Abstract

The stochastic block model (SBM) is a random graph model with different group of vertices connecting differently. It is widely employed as a canonical model to study clustering and community detection, and provides a fertile ground to study the information-theoretic and computational tradeoffs that arise in combinatorial statistics and more generally data science. This monograph surveys the recent developments that establish the fundamental limits for community detection in the SBM, both with respect to information-theoretic and computational tradeoffs, and for various recovery requirements such as exact, partial and weak recovery. The main results discussed are the phase transitions for exact recovery at the Chernoff-Hellinger threshold, the phase transition for weak recovery at the Kesten-Stigum threshold, the optimal SNR-mutual information tradeoff for partial recovery, and the gap between information-theoretic and computational thresholds.

Community Detection and Stochastic Block Models

The field of community detection has been expanding greatly since the 1980s, with a remarkable diversity of models and algorithms developed in different communities like machine learning, computer science, network science, social science, and statistical physics. Various fundamental questions remain nonetheless unsettled, such as: Are there really communities? Algorithms may output community structures, but are these meaningful or artefacts? Can we always extract the communities when they are present; fully, partially? And what is a good benchmark to measure the performance of algorithms, and how good are the current algorithms?

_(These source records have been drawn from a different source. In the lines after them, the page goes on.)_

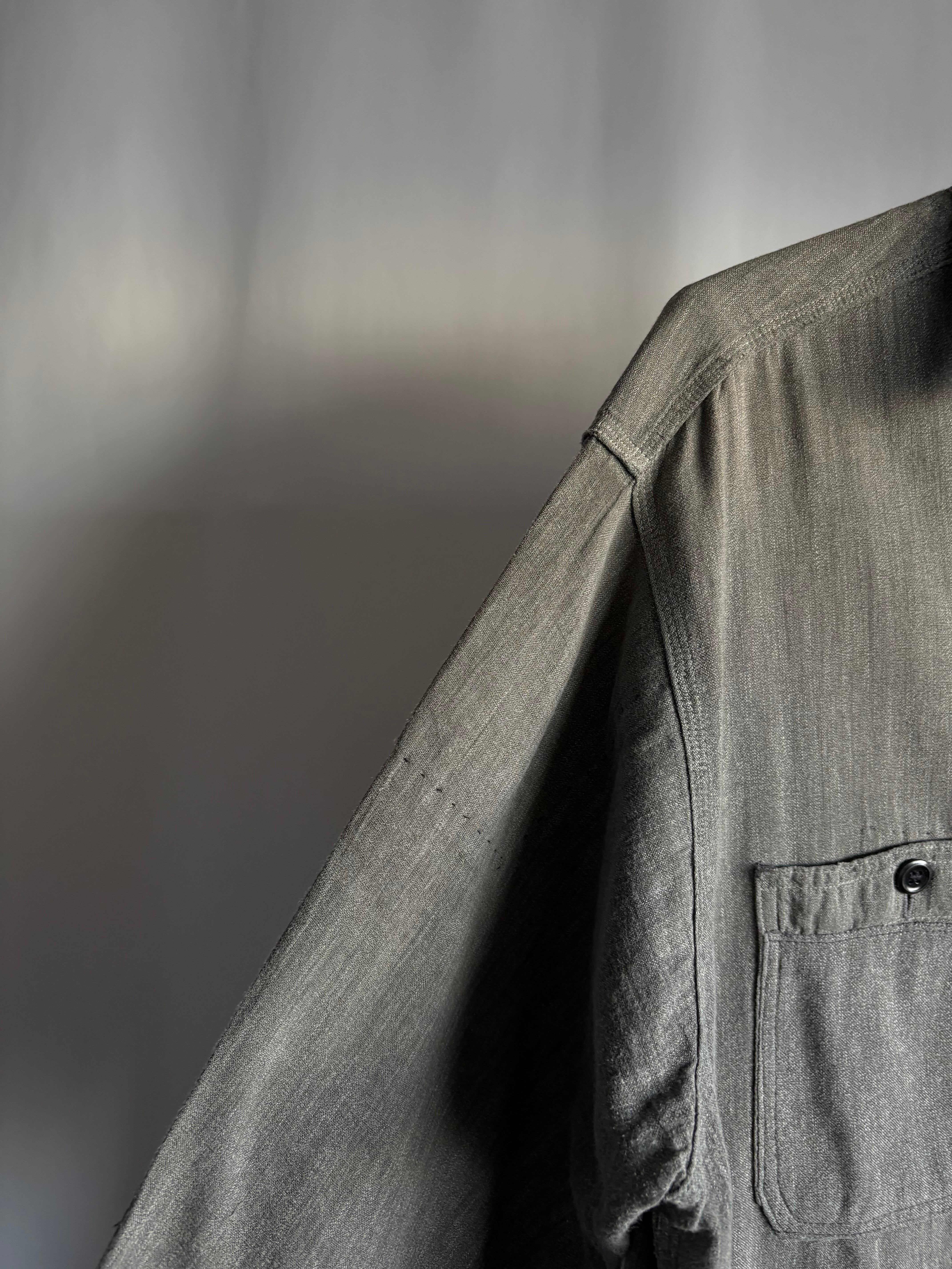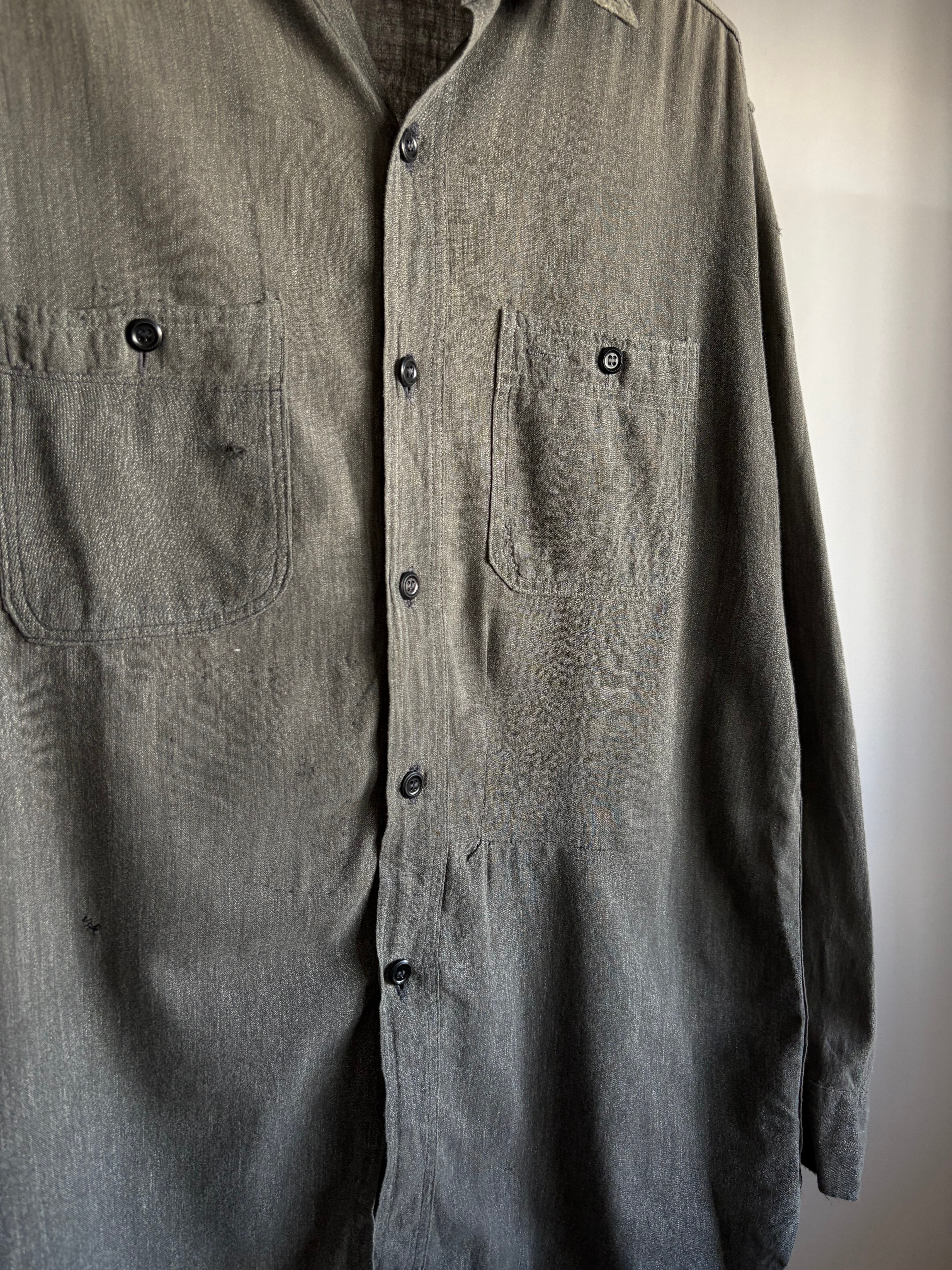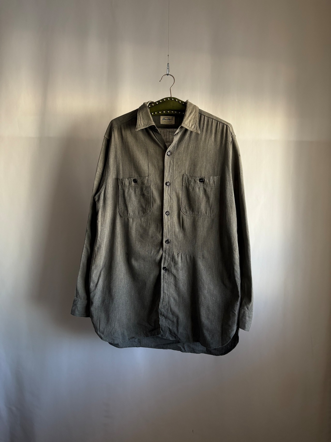 大きいです。黒い色のシャンブレーシャツです。通常は青が常なこのシャツですが珍しさとごま塩の様なこれでしかない様な色の塩梅が妙。
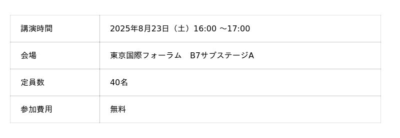 2025年8月23日(土)16:00よりココザス株式会社 安藤 義人 氏 が会場限定セミナーに登壇。東京国際フォーラムB7サブステージA会場
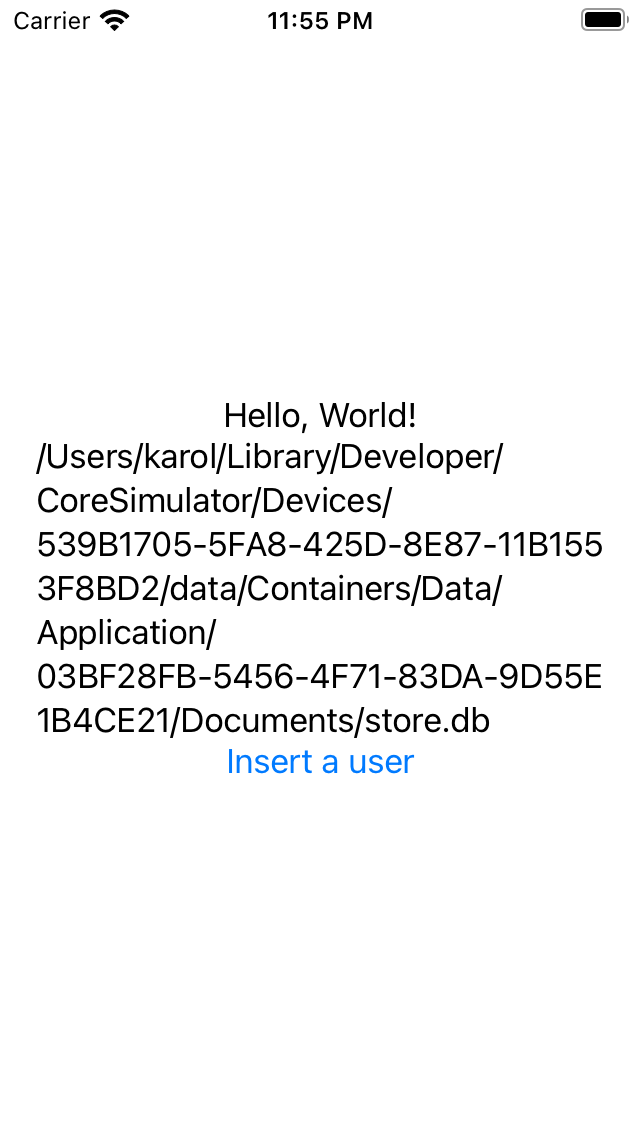 The full path of the database file is printed to the console in Xcode, for each build it’s a different path. If you have TablePlus installed, you can open SQLite database files in this program, otherwise you can use the sqlite3 CLI. This is the database created by this application: :
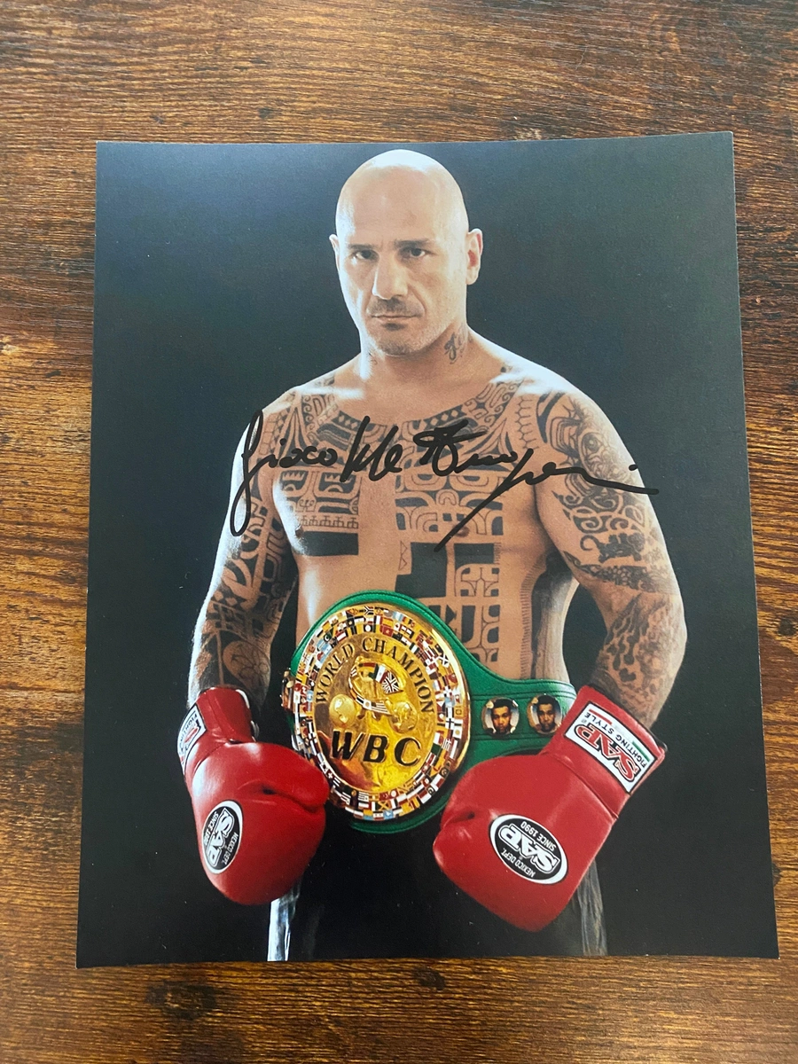 Questa fotografia autografata celebra uno dei protagonisti assoluti della boxe italiana contemporanea: Giacobbe Fragomeni, il pugile milanese che ha scritto pagine importanti nella storia del pugilato mondiale.

This monograph describes recent developments aiming at answering these questions in the context of block models. Addressing the issues from an information-theoretic view-point, the author gives a comprehensive description of the historical and recent work that has led to key new concepts in the various recovery requirements for community detection.

The monograph provides a compact introduction to community detection, which enables the reader to apply these techniques in applications such as understanding sociological behavior, protein to protein interactions; gene expressions; recommendation systems; medical prognosis; DNA 3D folding; image segmentation, natural language processing, product-customer segmentation, webpage sorting, and many more.